**Problem statement**
Reproduce the listing below as it stands. Leave out each image.

═════ Dataset entries ═════

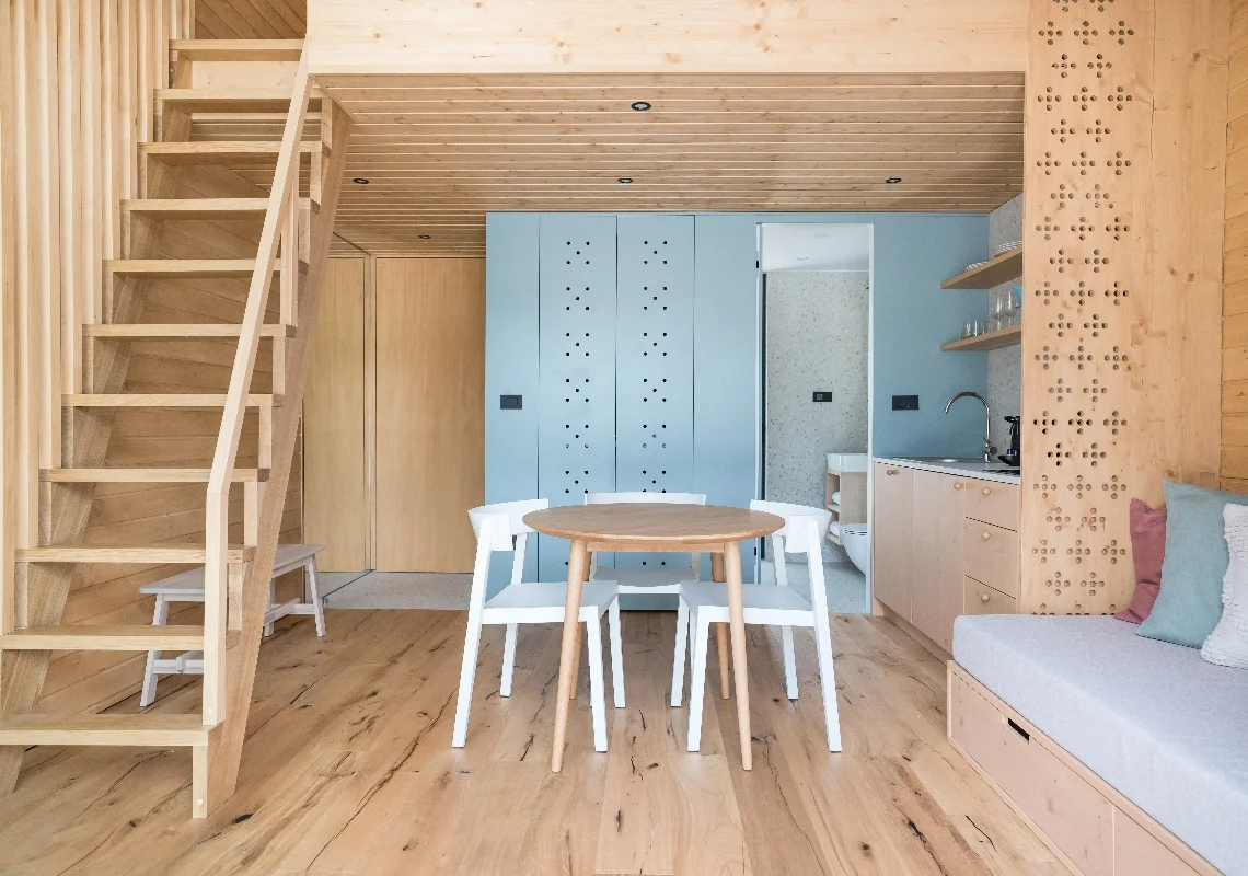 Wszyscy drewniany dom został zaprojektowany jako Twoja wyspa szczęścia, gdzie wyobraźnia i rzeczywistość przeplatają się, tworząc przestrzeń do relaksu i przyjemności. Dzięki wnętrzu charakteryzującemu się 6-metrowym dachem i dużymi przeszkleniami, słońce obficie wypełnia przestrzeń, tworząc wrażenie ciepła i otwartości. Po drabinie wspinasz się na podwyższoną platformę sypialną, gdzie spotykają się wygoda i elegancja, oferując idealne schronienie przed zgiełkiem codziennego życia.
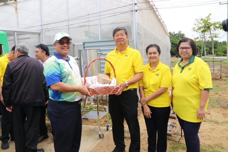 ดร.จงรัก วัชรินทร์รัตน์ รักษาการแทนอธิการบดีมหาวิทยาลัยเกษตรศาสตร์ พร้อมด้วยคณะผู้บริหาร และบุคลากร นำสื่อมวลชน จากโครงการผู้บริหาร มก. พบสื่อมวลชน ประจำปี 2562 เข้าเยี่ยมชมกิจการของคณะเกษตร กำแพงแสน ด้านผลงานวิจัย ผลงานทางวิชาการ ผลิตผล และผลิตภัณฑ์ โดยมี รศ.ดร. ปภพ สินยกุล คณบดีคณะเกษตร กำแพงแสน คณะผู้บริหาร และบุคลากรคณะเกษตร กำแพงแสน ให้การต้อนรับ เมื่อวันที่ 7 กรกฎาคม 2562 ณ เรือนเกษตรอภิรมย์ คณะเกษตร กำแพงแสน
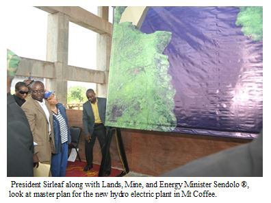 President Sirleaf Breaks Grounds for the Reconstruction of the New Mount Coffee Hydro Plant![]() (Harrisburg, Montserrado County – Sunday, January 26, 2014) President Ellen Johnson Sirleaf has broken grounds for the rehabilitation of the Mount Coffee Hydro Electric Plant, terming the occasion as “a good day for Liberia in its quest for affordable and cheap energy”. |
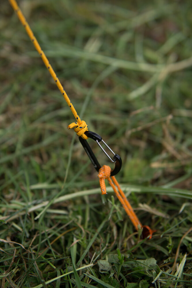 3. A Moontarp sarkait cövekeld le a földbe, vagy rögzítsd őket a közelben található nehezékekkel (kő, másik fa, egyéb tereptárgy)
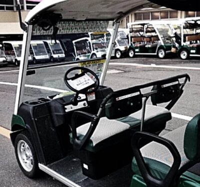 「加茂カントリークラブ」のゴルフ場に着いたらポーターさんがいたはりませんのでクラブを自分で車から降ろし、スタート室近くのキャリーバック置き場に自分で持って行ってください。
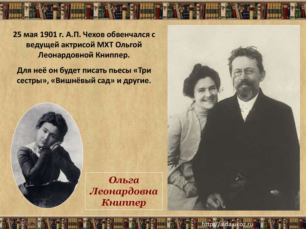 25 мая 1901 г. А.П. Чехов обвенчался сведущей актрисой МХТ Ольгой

═════

**Written response**
 Wszyscy drewniany dom został zaprojektowany jako Twoja wyspa szczęścia, gdzie wyobraźnia i rzeczywistość przeplatają się, tworząc przestrzeń do relaksu i przyjemności. Dzięki wnętrzu charakteryzującemu się 6-metrowym dachem i dużymi przeszkleniami, słońce obficie wypełnia przestrzeń, tworząc wrażenie ciepła i otwartości. Po drabinie wspinasz się na podwyższoną platformę sypialną, gdzie spotykają się wygoda i elegancja, oferując idealne schronienie przed zgiełkiem codziennego życia.
 ดร.จงรัก วัชรินทร์รัตน์ รักษาการแทนอธิการบดีมหาวิทยาลัยเกษตรศาสตร์ พร้อมด้วยคณะผู้บริหาร และบุคลากร นำสื่อมวลชน จากโครงการผู้บริหาร มก. พบสื่อมวลชน ประจำปี 2562 เข้าเยี่ยมชมกิจการของคณะเกษตร กำแพงแสน ด้านผลงานวิจัย ผลงานทางวิชาการ ผลิตผล และผลิตภัณฑ์ โดยมี รศ.ดร. ปภพ สินยกุล คณบดีคณะเกษตร กำแพงแสน คณะผู้บริหาร และบุคลากรคณะเกษตร กำแพงแสน ให้การต้อนรับ เมื่อวันที่ 7 กรกฎาคม 2562 ณ เรือนเกษตรอภิรมย์ คณะเกษตร กำแพงแสน
 President Sirleaf Breaks Grounds for the Reconstruction of the New Mount Coffee Hydro Plant![]() (Harrisburg, Montserrado County – Sunday, January 26, 2014) President Ellen Johnson Sirleaf has broken grounds for the rehabilitation of the Mount Coffee Hydro Electric Plant, terming the occasion as “a good day for Liberia in its quest for affordable and cheap energy”. |
 3. A Moontarp sarkait cövekeld le a földbe, vagy rögzítsd őket a közelben található nehezékekkel (kő, másik fa, egyéb tereptárgy)
 「加茂カントリークラブ」のゴルフ場に着いたらポーターさんがいたはりませんのでクラブを自分で車から降ろし、スタート室近くのキャリーバック置き場に自分で持って行ってください。
 25 мая 1901 г. А.П. Чехов обвенчался сведущей актрисой МХТ Ольгой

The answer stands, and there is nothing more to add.